ModulatedConv+NoiseInjection

class StyledConv(nn.Module):
    def __init__(
            self,
            in_channel,
            out_channel,
            kernel_size,
            style_dim,
            upsample=False,
            blur_kernel=[1, 3, 3, 1],
            demodulate=True,
    ):
        super().__init__()
        self.conv = ModulatedConv2d(
            in_channel,
            out_channel,
            kernel_size,
            style_dim,
            upsample=upsample,
            blur_kernel=blur_kernel,
            demodulate=demodulate,
        )
        self.noise = NoiseInjection()
        self.activate = FusedLeakyReLU(out_channel)

    def forward(self, input, style, noise=None):
        out = self.conv(input, style)
        out = self.noise(out, noise=noise)
        out = self.activate(out)
        return out

（(3.2.1)）ModulatedConv2d：

类似EqualLinear，对于卷积核权重，先从标准正态分布采样、参数化，再在forward过程中通过缩放进行调整。而后按照前述原理，将隐层码映射为style，再对卷积核进行调制解调。

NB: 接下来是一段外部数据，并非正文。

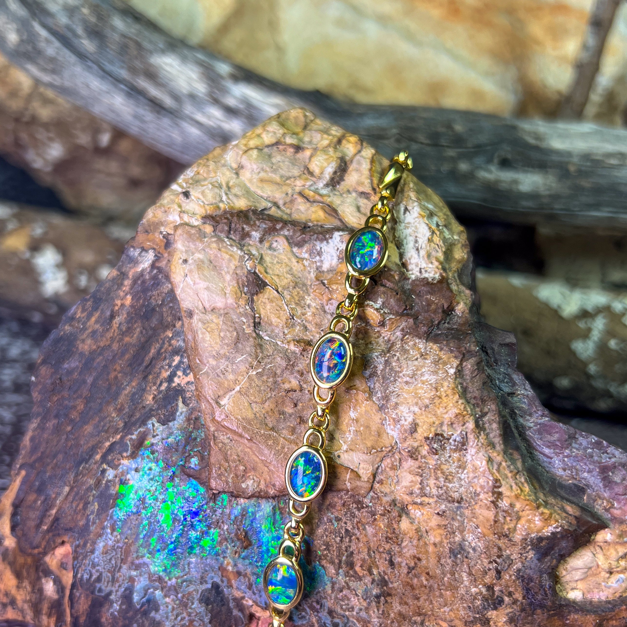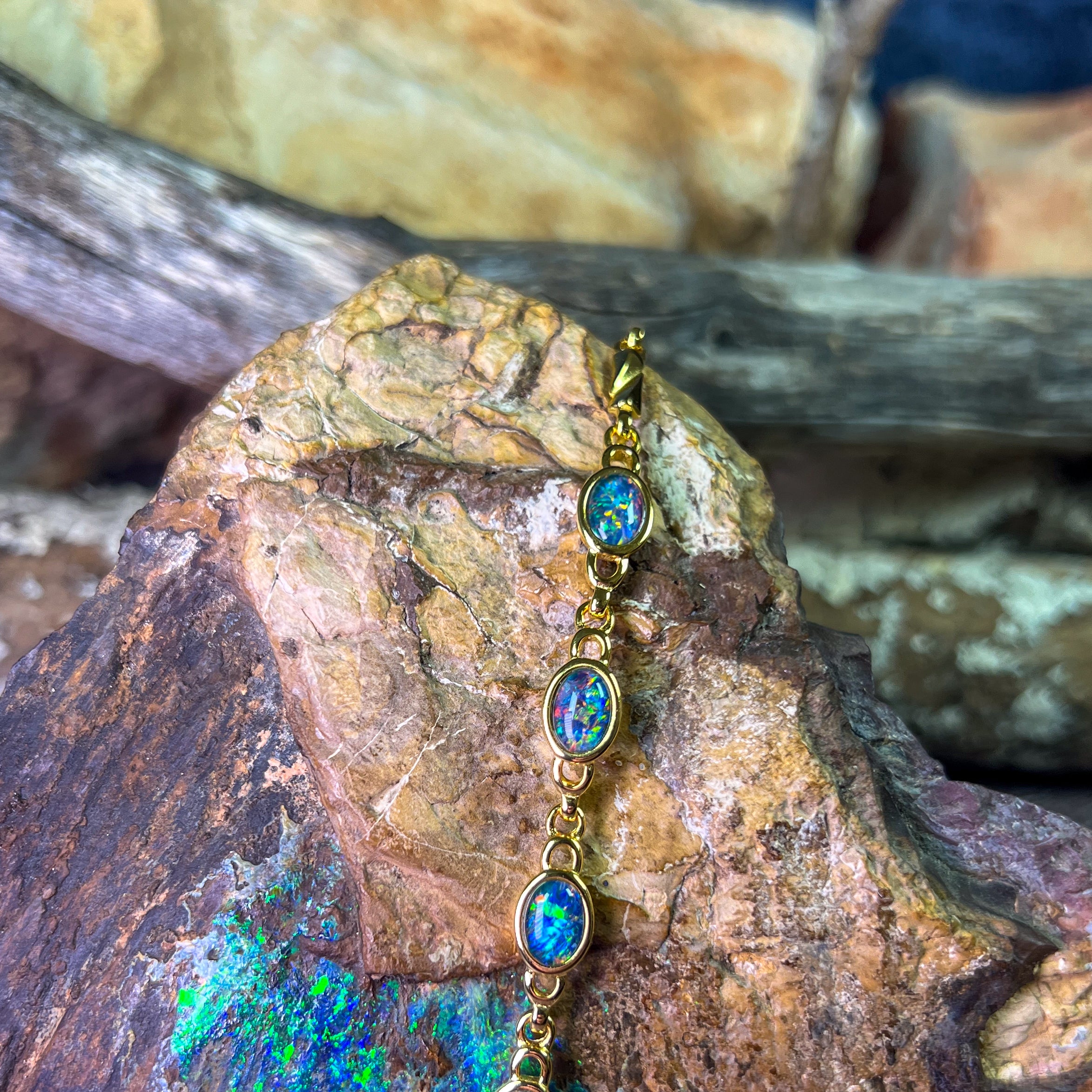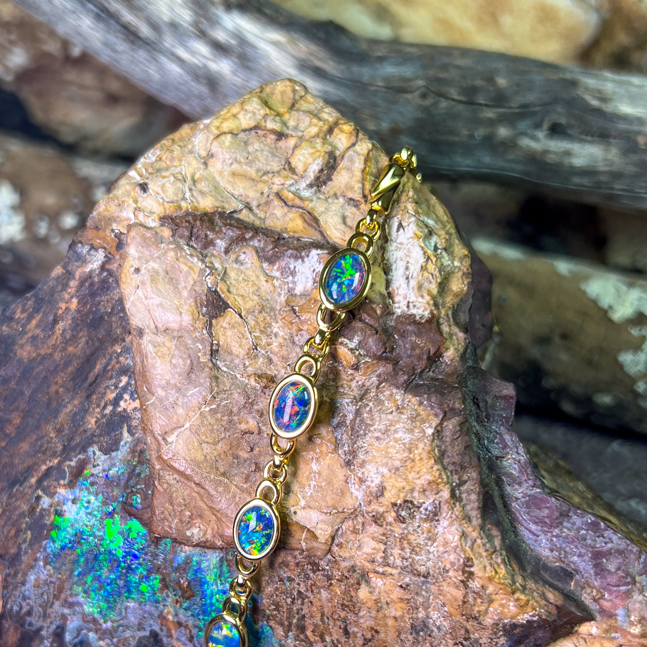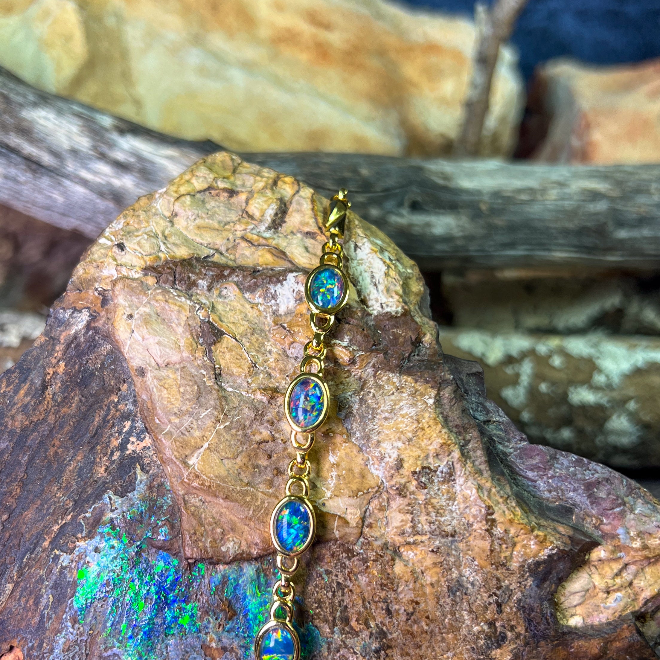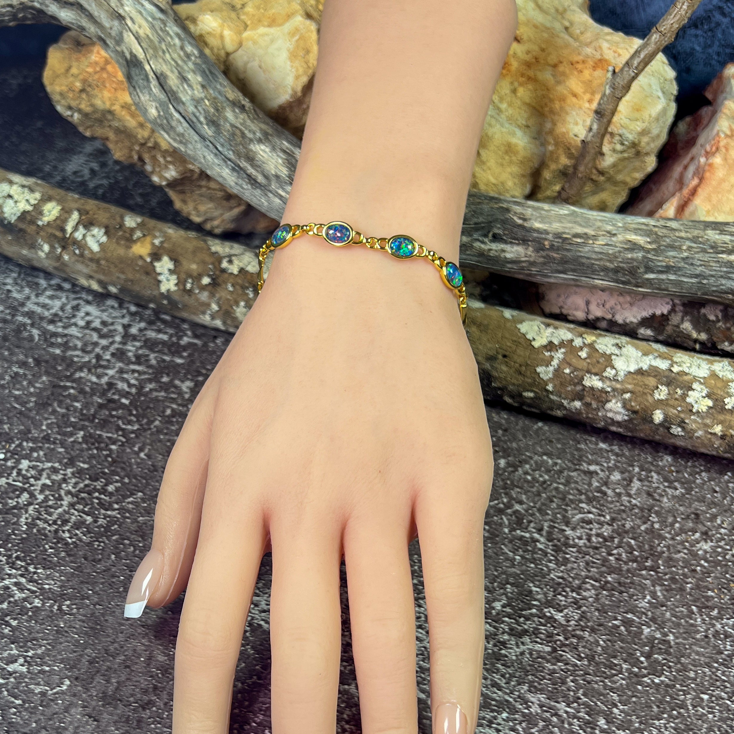 Indulge in the luxurious beauty of our Gold Plated Silver 4 Opal Triplet Bracelet. This exquisite piece features a stunning array of multi-colored opals that will captivate the senses. Elevate any outfit with the unique and vibrant colors of this bracelet. Experience the perfect blend of elegance and style in one piece.

class ModulatedConv2d(nn.Module):
    def __init__(
            self,
            in_channel,
            out_channel,
            kernel_size,
            style_dim,
            demodulate=True,
            upsample=False,
            downsample=False,
            blur_kernel=[1, 3, 3, 1],
    ):
        super().__init__()

        self.eps = 1e-8
        self.kernel_size = kernel_size
        self.in_channel = in_channel
        self.out_channel = out_channel
        self.upsample = upsample
        self.downsample = downsample

        if upsample:
            factor = 2
            p = (len(blur_kernel) - factor) - (kernel_size - 1)  # p=3-kernel_size
            pad0 = (p + 1) // 2 + factor - 1
            pad1 = p // 2 + 1

            self.blur = Blur(blur_kernel, pad=(pad0, pad1), upsample_factor=factor)

        if downsample:
            factor = 2
            p = (len(blur_kernel) - factor) + (kernel_size - 1)  # p=kernel_size+1
            pad0 = (p + 1) // 2
            pad1 = p // 2

            self.blur = Blur(blur_kernel, pad=(pad0, pad1))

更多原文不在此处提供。